5. Konfigurasi Document Root: Menunjuk ke Folder public

Secara default, web server (seperti Apache atau Nginx) akan mencari file index.html atau index.php di document root. Untuk aplikasi Laravel, kita perlu mengarahkan document root ke folder public di dalam folder aplikasi.

  • Shared Hosting: Biasanya, kamu bisa mengubah document root melalui control panel hosting (cPanel, Plesk, dll.). Cari opsi “Domains” atau “Website Settings” dan ubah document root ke folder public.

  • VPS/Dedicated Server: Kamu perlu mengkonfigurasi virtual host di web server (Apache atau Nginx).
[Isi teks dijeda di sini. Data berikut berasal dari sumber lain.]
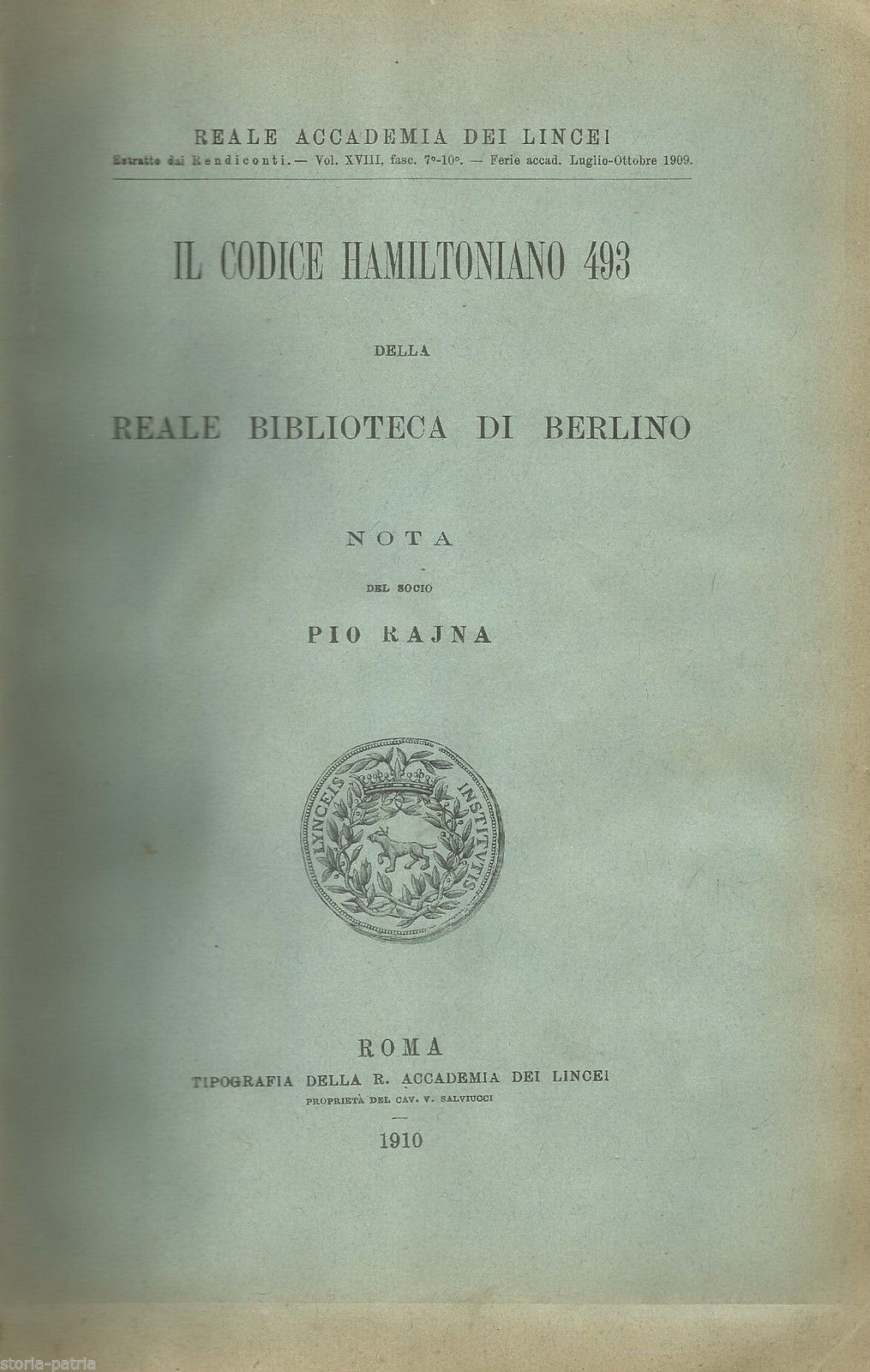 Letteratura, Filologia, Petrarca, Codice Hamiltoniano 493, Berlino, Rajna, Firenze, 10

Contoh konfigurasi Nginx:

    server {
        listen 80;
        server_name example.com;  # Ganti dengan nama domain kamu
    
        root /path/ke/folder/laravel/public;  # Ganti dengan path yang sesuai
        index index.php index.html index.htm;
    
        location / {
            try_files $uri $uri/ /index.php?$query_string;
        }
    
        location ~ .php$ {
            include snippets/fastcgi-php.conf;
            fastcgi_pass unix:/run/php/php7.4-fpm.sock; # Ganti dengan versi PHP yang digunakan
        }
    
        location ~ /.ht {
            deny all;
        }
    }

    Pastikan kamu menyesuaikan server_name, root, dan fastcgi_pass dengan konfigurasi server kamu. Restart web server setelah melakukan perubahan.

Konfigurasi document root yang benar sangat penting agar aplikasi Laravel dapat diakses melalui browser.
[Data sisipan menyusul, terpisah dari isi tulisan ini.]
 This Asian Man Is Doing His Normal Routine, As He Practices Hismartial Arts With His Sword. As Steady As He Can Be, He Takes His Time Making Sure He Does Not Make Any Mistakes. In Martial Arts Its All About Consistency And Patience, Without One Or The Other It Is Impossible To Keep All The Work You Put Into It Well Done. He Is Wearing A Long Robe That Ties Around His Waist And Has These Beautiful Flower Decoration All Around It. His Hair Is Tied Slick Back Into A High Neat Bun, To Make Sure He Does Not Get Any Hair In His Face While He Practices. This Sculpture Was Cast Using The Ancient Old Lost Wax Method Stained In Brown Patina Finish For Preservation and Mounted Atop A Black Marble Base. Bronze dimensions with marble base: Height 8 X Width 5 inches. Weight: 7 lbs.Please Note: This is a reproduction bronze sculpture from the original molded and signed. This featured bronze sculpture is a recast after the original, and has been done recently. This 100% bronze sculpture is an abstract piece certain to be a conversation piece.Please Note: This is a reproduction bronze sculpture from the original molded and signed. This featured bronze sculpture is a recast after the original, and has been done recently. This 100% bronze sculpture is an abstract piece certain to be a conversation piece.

6. Optimasi Aplikasi Laravel: Composer Install, Database Migration, dan Cache

Setelah semua konfigurasi selesai, ada beberapa langkah optimasi yang perlu kamu lakukan untuk memastikan aplikasi Laravel berjalan dengan optimal:

  • Install Dependencies dengan Composer: Masuk ke folder aplikasi melalui SSH dan jalankan perintah:

    composer install --optimize-autoloader --no-dev

    Perintah ini akan menginstall semua dependencies yang dibutuhkan oleh aplikasi kamu. Opsi --optimize-autoloader akan mengoptimalkan autoloader Composer, dan --no-dev akan menghilangkan dependencies development yang tidak dibutuhkan di production. Pastikan Composer sudah terinstall di server kamu. Jika belum, install dengan mengikuti panduan di https://getcomposer.org/download/.

  • Migrasi Database: Migrasi database digunakan untuk membuat atau memperbarui skema database. Jalankan perintah:

    php artisan migrate --force

    Opsi --force digunakan untuk memaksa migrasi berjalan di environment production.
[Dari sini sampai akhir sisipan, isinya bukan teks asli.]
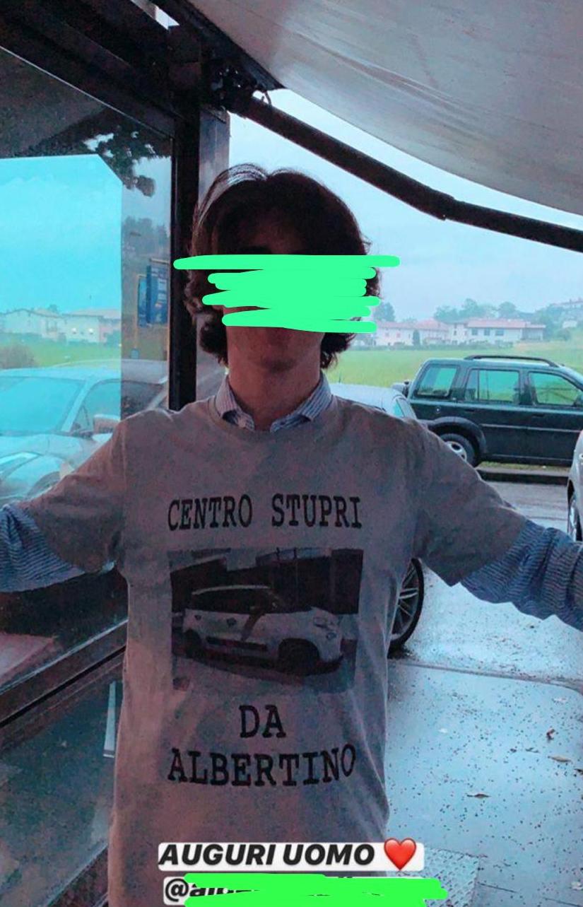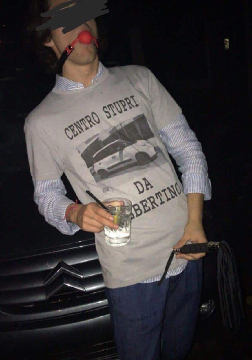 Qualche giorno prima alcuni di loro si erano presentati in un ristorante a San Daniele (di proprietà dei genitori di uno dei ragazzi) con delle t-shirt tutte uguali con la scritta “Centro stupri” e i loro nomi/soprannomi sul retro della maglietta. (uno con la scritta “L’occhio del negro”) Naturalmente immortalando la scena e pubblicando il tutto. Alcune foto sono finite sui loro social, in una di queste uno di loro posava con tanto di frusta e una ball bag (il bavaglio/palla del bondage) in bocca.

  • Clear Cache: Bersihkan cache konfigurasi, route, dan view untuk memastikan aplikasi menggunakan konfigurasi terbaru:

    php artisan config:cache
    php artisan route:cache
    php artisan view:cache
    php artisan cache:clear
  • Optimize Class Loading: Optimalkan class loading untuk mempercepat waktu loading aplikasi:

    php artisan optimize:clear
    php artisan optimize

Langkah-langkah optimasi ini akan meningkatkan performa aplikasi Laravel kamu secara signifikan.

7. Konfigurasi Cron Jobs: Tugas Otomatis Terjadwal

Cron jobs memungkinkan kamu menjadwalkan tugas-tugas otomatis yang akan dijalankan secara berkala. Laravel menyediakan cara mudah untuk mengelola cron jobs melalui scheduler.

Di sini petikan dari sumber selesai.